Графский лекарь, зная об отеческом отношении Брюса к Лефорту, призвал на подмогу еще двух именитых лекарей-немцев и одного голландца, и теперь вчетвером, составив консилиум, они пользовали страждущего, применяя к нему все последние изыски европейского врачебного искусства. Несчастного обкладывали льдом из ледника, давали купорос и английскую соль, обвязывали голову нитками жемчуга и прижигали пятки раскаленными медными монетами, истирали в порошок некий камень и заставляли нюхать, погружали в чесночный отвар, давали кобылью мочу и творили еще много разных нелепостей. Однако Лефорту становилось все хуже, сознание меркло, горячечный бред не кончался ни во сне, ни наяву, и, даже бегло взглянув на записи лекаря, которые он вел скрупулезно, граф стал опасаться, что не поспеет спросить о календаре, прежде чем наступит полное помрачение ума и рассудка.

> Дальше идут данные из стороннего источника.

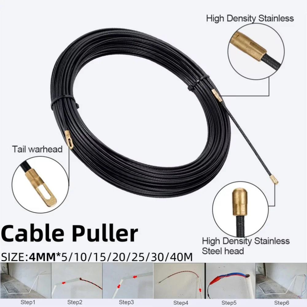 4mm 5M-40M Cable Puller Guide Push Puller Nylon Wall Wire Lead Electrician Spring Tape Conduit Threader Puller Wiring Aid Tool
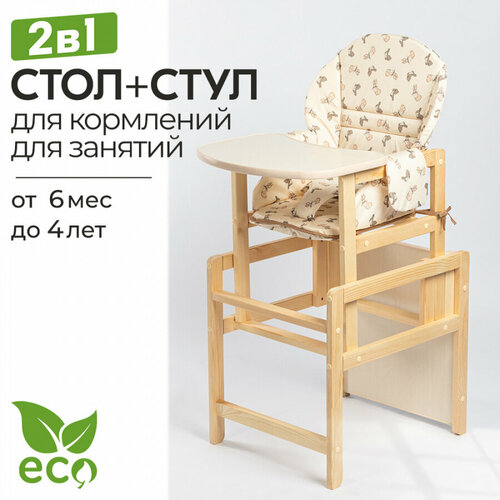 Алиса» – практичная мебель для ребёнка от 6 месяцев, которая позволяет посадить малыша за обеденный стол и без труда покормить его. Стульчик для кормления малыша – преимущества: Универсальность. Стульчик-трансформер 2 в 1 легко превращается из стула для кормления в столик для игр и рисования и невысокий стульчик. Экологичность. Стульчик изготовлен из массива натурального дерева, поэтому деревянный стул гораздо крепче и практичнее пластикового. Безопасность. Ремень безопасности – страховочная лента – предотвратит падение и сползание крохи. Кроме того, закруглённые углы и шлифованная поверхность древесины обезопасит его от нежелательных травм. Устойчивость. Мебель имеет устойчивое основание, а значит Вашему малышу будет комфортно находиться на стуле. Мобильность. Мобильный стульчик для кормления Вы сможете легко перемещать, чтобы поставить его в удобное для Вас и Вашего малыша место. Удобство. Сиденье стульчика покрыто мягкой накладкой – чехлом, который может заменить детский ма
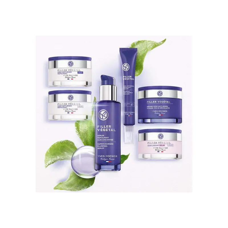 L’extrait d’Ice Plant* stimule la production naturelle d’acide hyaluronique** pour combler les rides***.
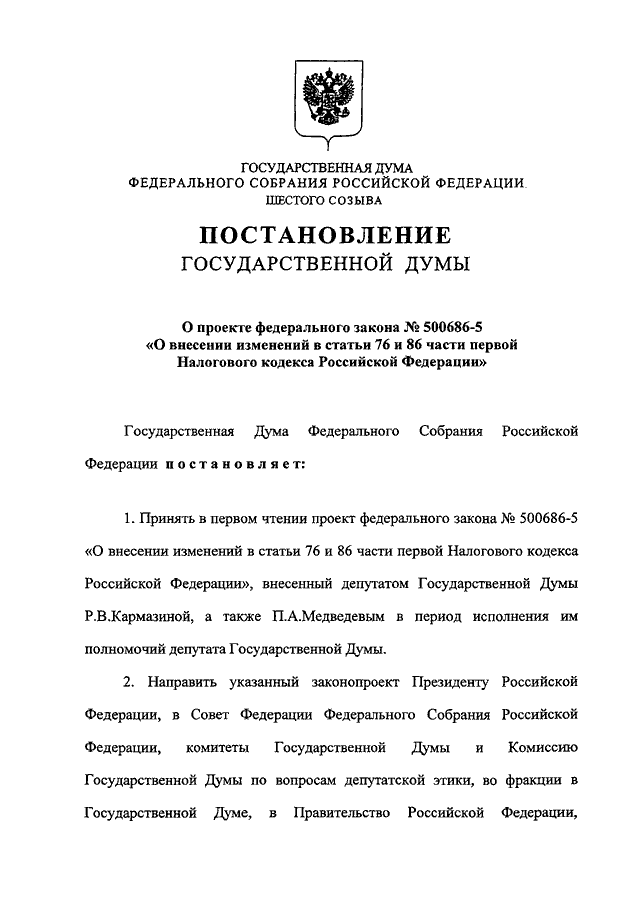 "О ПРОЕКТЕ ФЕДЕРАЛЬНОГО ЗАКОНА N 500686-5 "О ВНЕСЕНИИ ИЗМЕНЕНИЙ В СТАТЬИ 76 И 86 ЧАСТИ ПЕРВОЙ НАЛОГОВОГО КОДЕКСА РОССИЙСКОЙ ФЕДЕРАЦИИ"
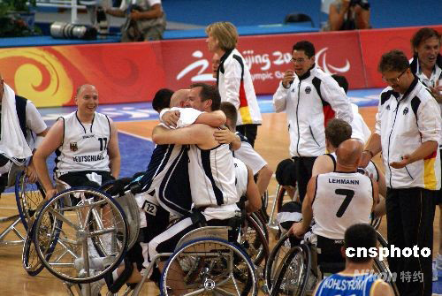 ·男子輪椅籃球德國隊"輪椅擁抱"慶勝利
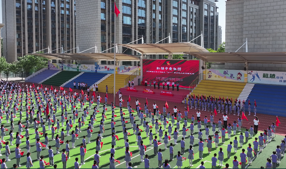 5月29日上午,伴随着激昂的鼓号和嘹亮的队歌,“红领巾爱祖国”山东省示范性少先队新队员入队仪式在淄博市周村区正阳路小学举行。优秀共产党员、共青团员代表和高年级队员为120名新队员佩戴红领巾,一同见证他们入队的光荣时刻,全体少先队员高举右拳,在队旗下庄严宣誓,时刻准备着为共产主义事业而奋斗。
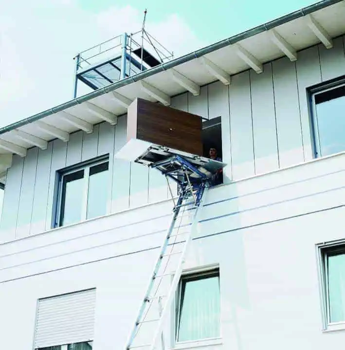 Ladder Lifts are helpful for every work – indoor and outdoor. The ladder systems can transport all kinds of materials to the upper levels of a building. Inclined lifts offer the perfect assistance for moving furniture, interior constructions, façade renovations, or the restructuring of flat roofs. Due to the movable end, the transportation goods can quickly be unloaded from the platform. This prevents back pain and facilitates the work.

Лефорт твердил о лютах, которые якобы уже дров принесли, а его разрубили на две части, нанизали на колья и подняли над огнем.

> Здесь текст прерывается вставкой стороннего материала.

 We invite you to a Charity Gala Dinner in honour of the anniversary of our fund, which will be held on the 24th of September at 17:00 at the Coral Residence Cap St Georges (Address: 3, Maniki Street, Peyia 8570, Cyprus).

Прогнав лекарей, Брюс кликнул местного попа, и тот сразу же определил, что в Данилу бес вселился, и принялся оного изгонять; окуривал хворого ладаном, прыскал и поил святой водой, коей прежде дверную ручку омыл и угольки из печи бросил, читал молитвы над головой и, воскладывая на темя крест, так громко кричал: «Изыди, сотона!», что еще больше напугал бесноватого. Тогда по совету жены Маргариты граф послал в Лисий Нос за неким знахарем, который во время припадков пользовал самого Петра Алексеевича. Знахарь подтвердил заключение попа и тоже принялся изгонять силу нечистую: велел надеть хомут на белую лошадь и гонять ее до пеного пота. Затем сей хомут принесли в дом и трижды протащили сквозь него Лефорта. Знахарь при сем воскликнул, дескать, узрел, как бес вылетел из тела и теперь сидит в углу опочивальни, спрятавшись за сундук. Принеся из поварской ухват, он будто бы прижучил к полу дьявольское отродье, посадил его в рогожный куль, вынес на улицу и давай бить об угол дома. И бил так, покуда куль не растрепался в лохмотья. Поглядев на все сии варварские ухищрения, Брюс и знахаря прогнал, ибо след было самого сквозь хомут протаскивать, после чего посадил присматривать за измученным Лефортом повариху, женщину молодую, тучную и мягкую. Она сжалилась над несчастным, по голове его погладила, одну руку взяла, дабы страсти душевные утишить, а Данила другую ей под сарафан запустил, ровно дитя, грудь нащупал, улыбнулся, беззубые десны показывая, и тут же погрузился в сон. Повариха устыдилась и вздумала бессовестную руку Лефорта вынуть, однако граф ей перстом пригрозил, дал несколько монет и так сидеть заставил.
Домочадцы весь день и последующую ночь ходили на цыпочках, дабы половица не скрипнула, в опочивальню граф вовсе запретил входить, и лишь изредка сам заглядывал, Хворый еще выкрикивал нечто несвязное, но уже не так, как ранее. Потом и вовсе примолк и лишь чмокал, ровно материнскую грудь сосал. Повариха же попривыкла к сему состоянию и, сутки просидев возле постели, сама задремывать стала да чуть не повалилась на Лефорта. И тогда заместо нее граф сел. Данила проснулся и, позрев на Брюса, признал его, засмеялся нездорово:
— А книги вещей нету! — сказал. — И никогда не бывало! Не на что невесту менять!
Граф уж свыкся с горячечной сумятицей в голове у Лефорта и не сразу внял словам его. А вняв, ослабился,
— То есть как — нету, Данила?
— Югагиры и читать не умеют! Не то что писать! Покуда я Головина искал, чувонцев встретил. И все про календарь их расспросил.